### STORED DATA

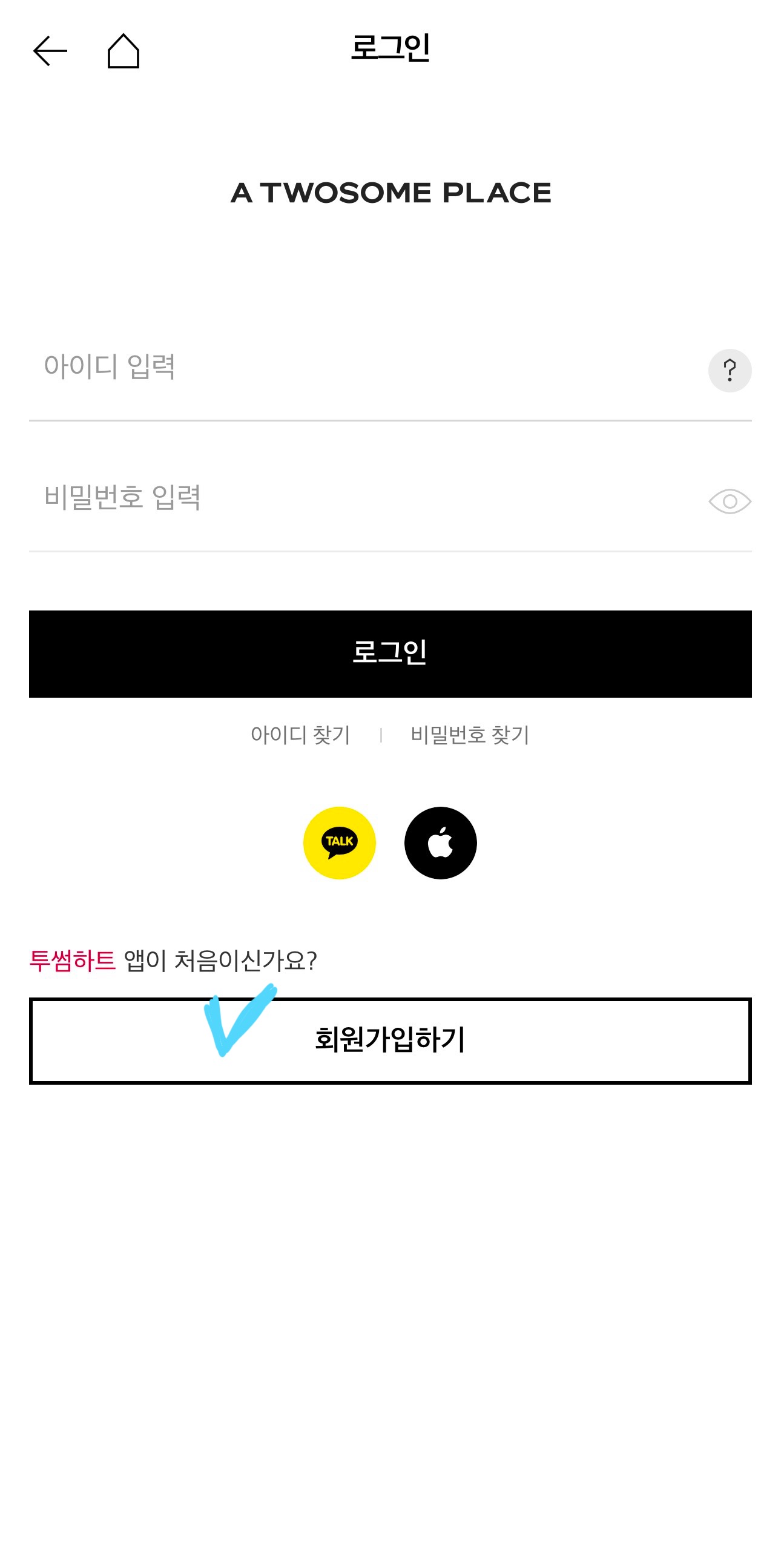2. 투썸 하트 앱 회원가입을 진행합니다.
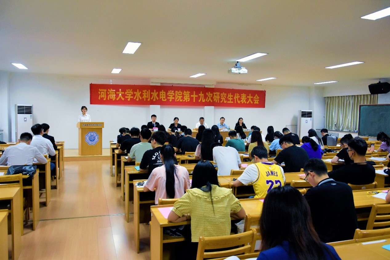 6月3日,hg8868体育官网hg8868体育官网隆重召开第十九次研究生代表大会。院党委书记任旭华、校研究生会执行主席赵嘉雯出席会议并讲话,党委副书记王方,团委书记笪步源,组织员胡瑞媛,研究生教学秘书周昶,研究生辅导员赵志涵、陈思思,本科生辅导员姜帆,水文学院、港航学院、环境学院等兄弟学院研究生会负责人及我院研究生会代表60余人出席大会。
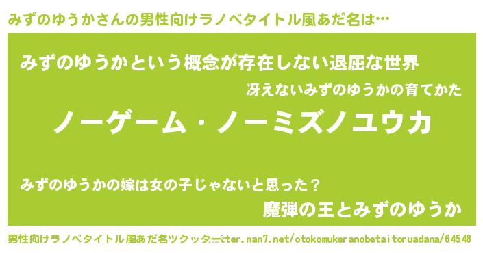 | ヘコむあだ名 | 『みずのゆうか(苦笑)』『みずを』 |

### TASK DETAILS
Print the full listing above exactly. Pictures stay out of the copy.

### FINISHED EXERCISE
2. 투썸 하트 앱 회원가입을 진행합니다.
 6月3日,hg8868体育官网hg8868体育官网隆重召开第十九次研究生代表大会。院党委书记任旭华、校研究生会执行主席赵嘉雯出席会议并讲话,党委副书记王方,团委书记笪步源,组织员胡瑞媛,研究生教学秘书周昶,研究生辅导员赵志涵、陈思思,本科生辅导员姜帆,水文学院、港航学院、环境学院等兄弟学院研究生会负责人及我院研究生会代表60余人出席大会。
 | ヘコむあだ名 | 『みずのゆうか(苦笑)』『みずを』 |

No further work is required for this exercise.